A NOT-SO-SIMPLE TASK

The task of assembling relevant information about the geology, as mapped, and then planning a trajectory is not a given. Understanding a reservoir’s heterogeneous character and the directional relationship of reservoir permeability is required, as is the ability to adjust the well trajectory while drilling, using resistivity, gamma ray, density and porosity logs. Well planning involves delineating the targets on the basis of seismic maps, top structure maps, offset well logs, geographic target selection, and 3D modeling and visualization, to arrive at a plan of continuous well trajectory to penetrate the target reservoir zone.

Unfortunately, geologic maps are not always correct, as a result of errors in seismic processing and interpretation. Uncertainties in determining target depth and lateral position are combined with an inability to predict small-scale features, such as minor and sub-seismic faults. Therefore, real-time interpretation of all incoming data is just as important as the data, itself. Geological constraints/ problems, such as offset well mis-ties, faulting, stratigraphic variations and pinch-outs, pose significant risks during drilling.

The following concerns affect accurate well placement:

  • Borehole position uncertainty related to directional survey accuracy.
  • Geological uncertainty (structural dip and stratigraphic), such as lateral facies variation.
  • Directional control while drilling.
  • Unanticipated buildup rates and doglegs found while drilling.
  • Limitations of LWD tools and methods.
  • Ambiguities inherent in interpreting propagation resistivity logs in horizontal wells.

Proper management of geological risk and uncertainty leads to fewer pilots being drilled with less cost.

DIVERSE RESERVOIRS, SOLUTIONS

The Haradh and Hawiyah wells are located in a geologic trend known as the Khuff. Khuff C sediments were deposited on a shelf of very low relief, where a series of repeated short-lived changes in sea level occurred, which were accompanied by exposure to meteoric fluids and dolomitization by hypersaline fluids. This produced facies variations over large areas. Khuff C carbonates are defined at the base by the underlying regional Khuff D anhydrite and at the top by extensive Khuff C anhydrite, Fig. 1. Four high-frequency sequences make up the Khuff C carbonate interval. The four sequences have been further subdivided into 12 reservoir layers (C1-12) from top to bottom.

Fig 1

Fig. 1. Map showing the study area, Hawiyah and Haradh fields, in eastern Saudi Arabia.

The approach to handling geologic/ petrophysical risk, uncertainty and drilling hazards resulted in a significant extension of target reservoir zone exposure.

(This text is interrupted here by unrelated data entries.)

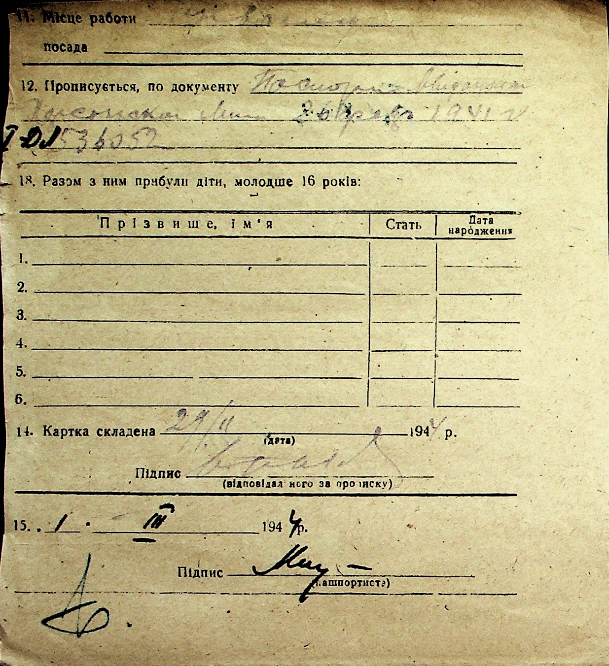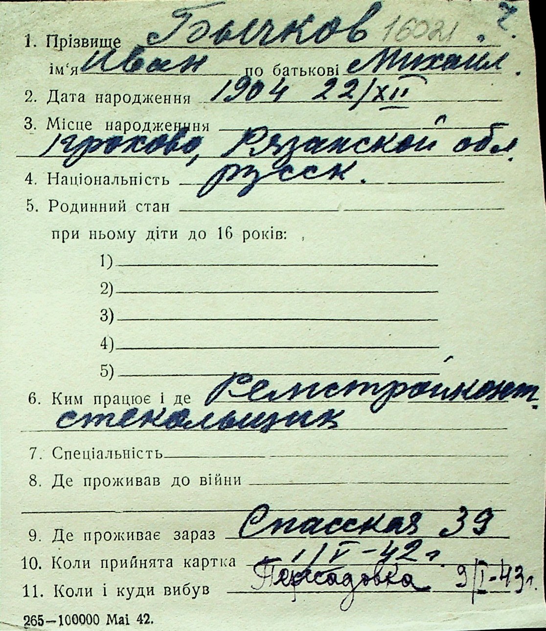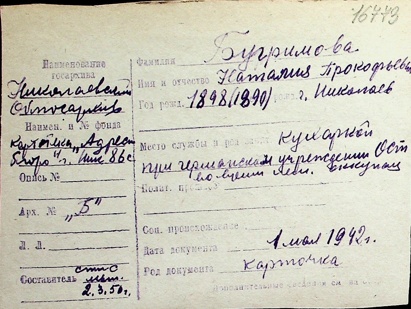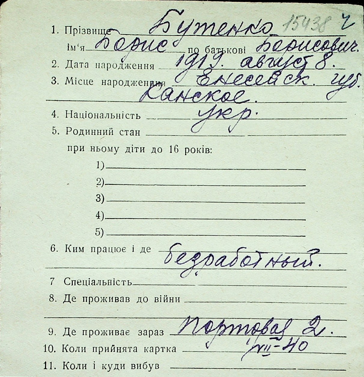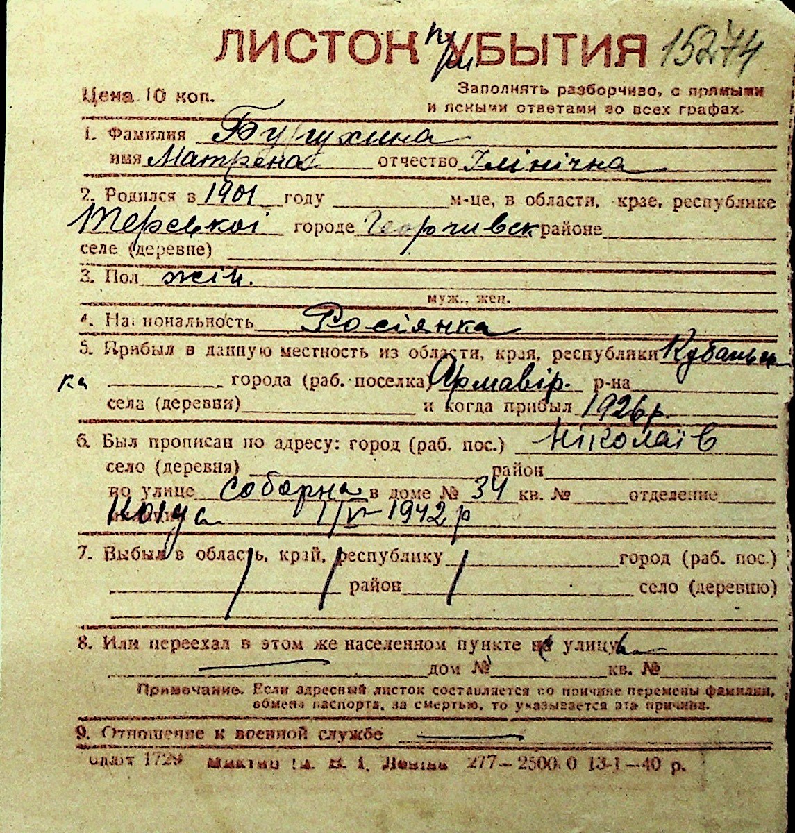 ◦ ◦ Перелік карток на осіб, які мешкали у м. Миколаїв у період окупації 1941–1944 років
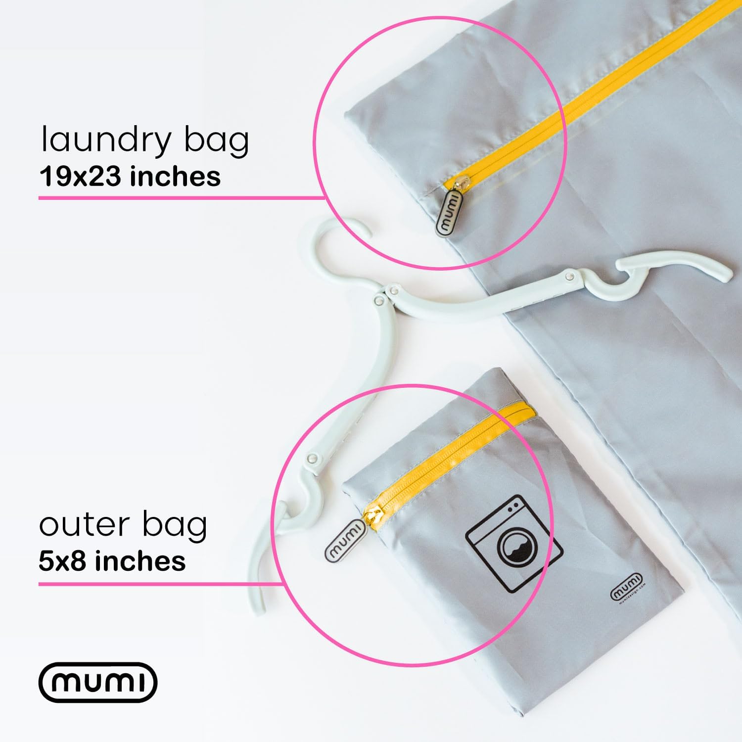 MUMI Travel Laundry Bag – Mesh Laundry Bags for Delicates with Hanger & Pouch | Delicates Bag for Washing Machine | Large Laundry Net Bag for Travel, Gym, Baby Clothes, and More (Grey)
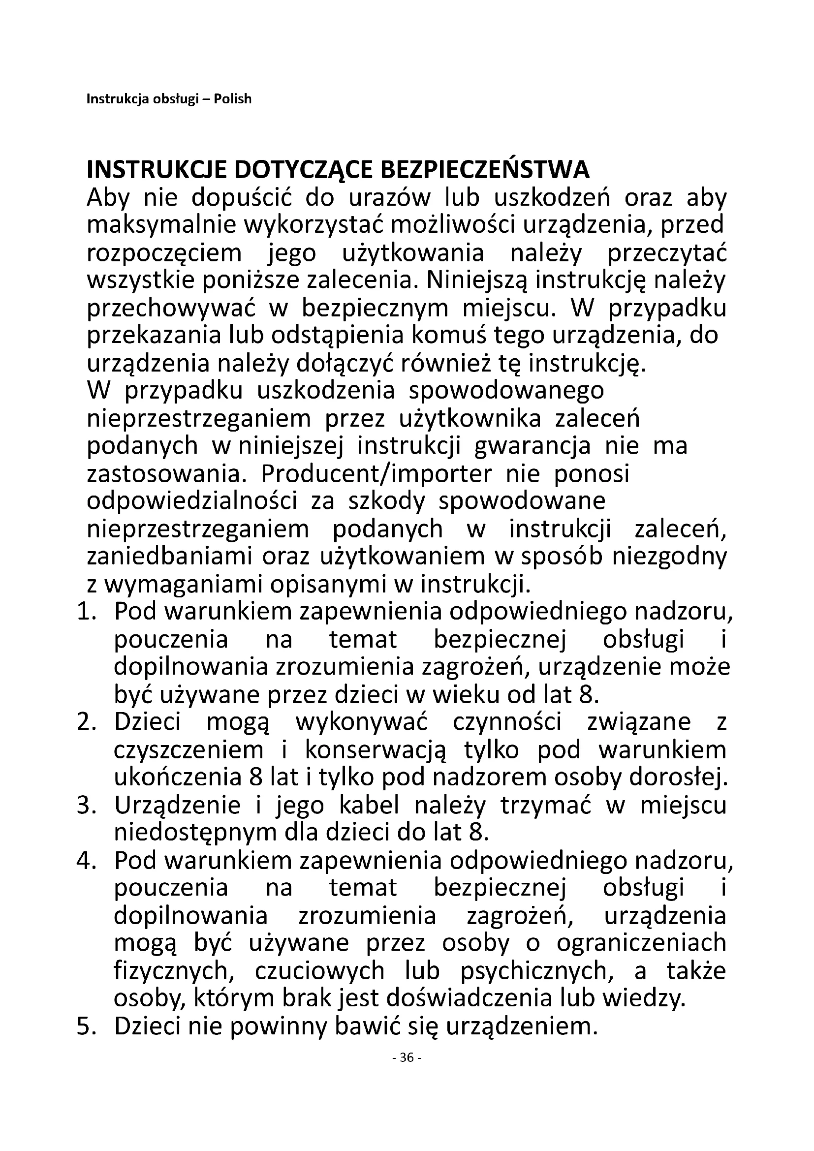 Aby nie dopuścić do urazów lub uszkodzeń oraz aby maksymalnie wykorzystać możliwości urządzenia, przed rozpoczęciem jego użytkowania należy przeczytać wszystkie poniższe zalecenia. Niniejszą instrukcję należy przechowywać w bezpiecznym miejscu. W przypadku przekazania lub odstąpienia komuś tego urządzenia, do urządzenia należy dołączyć również tę instrukcję. W przypadku uszkodzenia spowodowanego nieprzestrzeganiem przez użytkownika zaleceń podanych w niniejszej instrukcji gwarancja nie ma zastosowania. Producent/importer nie ponosi odpowiedzialności za szkody spowodowane nieprzestrzeganiem podanych w instrukcji zaleceń, zaniedbaniami oraz użytkowaniem w sposób niezgodny z wymaganiami opisanymi w instrukcji.

The Haradh well achieved an estimated reservoir exposure of about 2,981 ft in the target zones (536 ft in the C2 porosity and 2,445 ft in the C4-C7 interval). Original plans for the Hawiyah well would have resulted in an estimated reservoir exposure of 800 ft, compared to the achieved 2,164 ft.

METHODOLOGY

The pre-job evaluation sequence ideally begins with a geologic checklist and forward modeling. Then come the execution and reservoir evaluation stages, followed by a landing and a lateral section phase. This event sequence was applied on both the Haradh and Hawiyah wells. Geologic checklist items include the following.

  • Target uncertainty. It can be target reservoir TVD, formation dip angle or lack of reliable offset wells. It is advisable to discuss these uncertainties and the possible scenarios that can overcome them.
  • Fault position and type of fault (up thrown, down thrown or lateral fault) must be determined to have a ready plan on how to pass through the fault and still penetrate the target formation. Fig. 1 shows the presence of a fault in a horizontal well prospect.
  • Fluid contacts. Fluid contact depth, relative to target formation, is essential for a well’s production life. It is imperative to be aware of fluid contact hazards and to know specifically where to place the drain section, relative to reservoir fluid contact points.
  • Drain section length. A careful study of formation to be drilled and target reservoir should be done to identify the most appropriate LWD technology that will enhance well placement decisions. The study must include different lithologic log responses and enable key decisions that will help steer the well and position the BHA in the reservoir’s best portion.
  • Survey data. A geologist usually follows a well’s direction continuously, updates his earth model and helps to interpret the logs, so he can suggest changes in the plan, if needed. The TVD, inclination and azimuth define a survey station. Survey accuracy is very crucial to successful placement of any horizontal well, so the offset and real-time well surveys must be scrutinized before being accepted.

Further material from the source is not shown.